Extended School Year and its Intersection with the Least Restrictive Environment Mandate
Newsletter Article
It’s Extended School Year (ESY) season, and as with many issues our clients regularly face, the legal standards that apply to the provision of ESY services are less than clear. A glaring example of this consistent lack of consistency is the question of whether the IDEA’s Least Restrictive Environment (LRE) mandate applies to ESY programming just as it does to programming provided during the regular school term.

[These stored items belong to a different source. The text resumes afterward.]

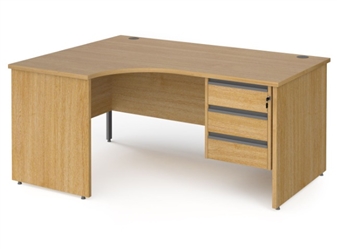1600mm OAK Contract Panel End Radial Desk + Fixed 3 Drawer Pedestal - Left Hand Return
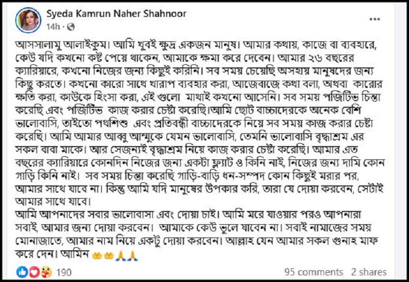 এদিকে নিজের শারীরিক অসুস্থতার কথা জানিয়ে ফেসবুকে একটি দীর্ঘ স্ট্যাটাস দিয়েছেন শাহনূর। সেখানে তিনি লিখেছেন, ‘আমি খুবই ক্ষুদ্র একজন মানুষ। আমার কথায়, কাজে বা ব্যবহারে কেউ যদি কখনো কষ্ট পেয়ে থাকেন, আমাকে ক্ষমা করে দেবেন। আমার ২৬ বছরের ক্যারিয়ারে কখনো নিজের জন্য কিছুই করিনি। সবসময় চেয়েছি অসহায় মানুষদের জন্য কিছু করতে। কখনো কারো সঙ্গে খারাপ ব্যবহার করা, আজেবাজে কথা বলা অথবা কারোর ক্ষতি করা, কাউকে হিংসা করা―এগুলো মাথাই কখনো আসেনি। সবসময় পজিটিভ চিন্তা করেছি এবং পজিটিভ কাজ করার চেষ্টা করেছি।’
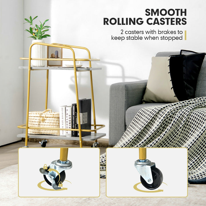 2-tier Kitchen Rolling Cart with Steel Frame and Lockable Casters

At first blush, the answer should be obvious: how could public school districts possibly offer varying levels of inclusion with nondisabled peers if those very nondisabled peers are not required to attend school during the summer? And if public school districts are required to account for LRE considerations during ESY, does that mean that they must now create compulsory, year-round schooling for all of their pupils?
Although not binding upon our clients, the United States Court of Appeals for the Second Circuit (Connecticut, New York, and Vermont) has recently weighed in on this issue, determining that the IDEA’s LRE requirement does indeed apply the same way to ESY placements as it does to placements operative during the regular school term. In T.M. v. Cornwall Central School District, 752 F.3d 145 (2nd Cir. 2014), the Second Circuit opined that public school districts must “consider an appropriate continuum of alternative placements” for ESY-eligible students, and that “a school district…cannot avoid the LRE requirement just by deciding not to operate certain types of educational environments…”... In so doing, the Second Circuit has essentially indicated that, when it comes to ESY services, it is of no consequence that the vast majority of public school districts do not operate regular education summer programs.
While declining to order that public school districts must create new regular education summer programs, the court suggests that ESY-eligible receive placements in “private mainstream” summer programs or “mainstream summer program[s] operated by another public entity.” Aside from the fact that very few, if any, public school districts operate such programs (not to mention the discretion such entities would maintain in deciding whether to even admit nonresident tuition students for the summer), using such placements would essentially require school districts to cede the provision of special education services to third parties over which they exercise no direct control. In the litigation-driven IDEA landscape, it assuredly would not be long before public school districts were faced with claims that children were denied appropriate ESY services that were provided by third parties.
For now, the T.M. case serves only as a reminder of what might become a larger trend, as decisions from other circuits are not binding upon our Pennsylvania clients. We note that in Travis G. v. New Hope-Solebury School District, 544 F. Supp. 2d 435 (E.D. Pa. 2008), the United States District Court for the Eastern District of Pennsylvania refused to overturn a Pennsylvania Hearing Officer’s decision (subsequently affirmed by the now-defunct appeals panel) that determined that the IDEA’s LRE mandate does not apply to ESY services. We believe that our clients can, for now, safely rely on this case to take the position that ESY services are not tethered to the LRE requirement. Given the Second Circuit’s decision and increasing overall scrutiny of ESY serviced, however, taking such a position is not without peril. As always, reasonable compromise of ESY disputes should be considered when appropriate in order to avoid costly and time-consuming litigation over a relatively narrow issue.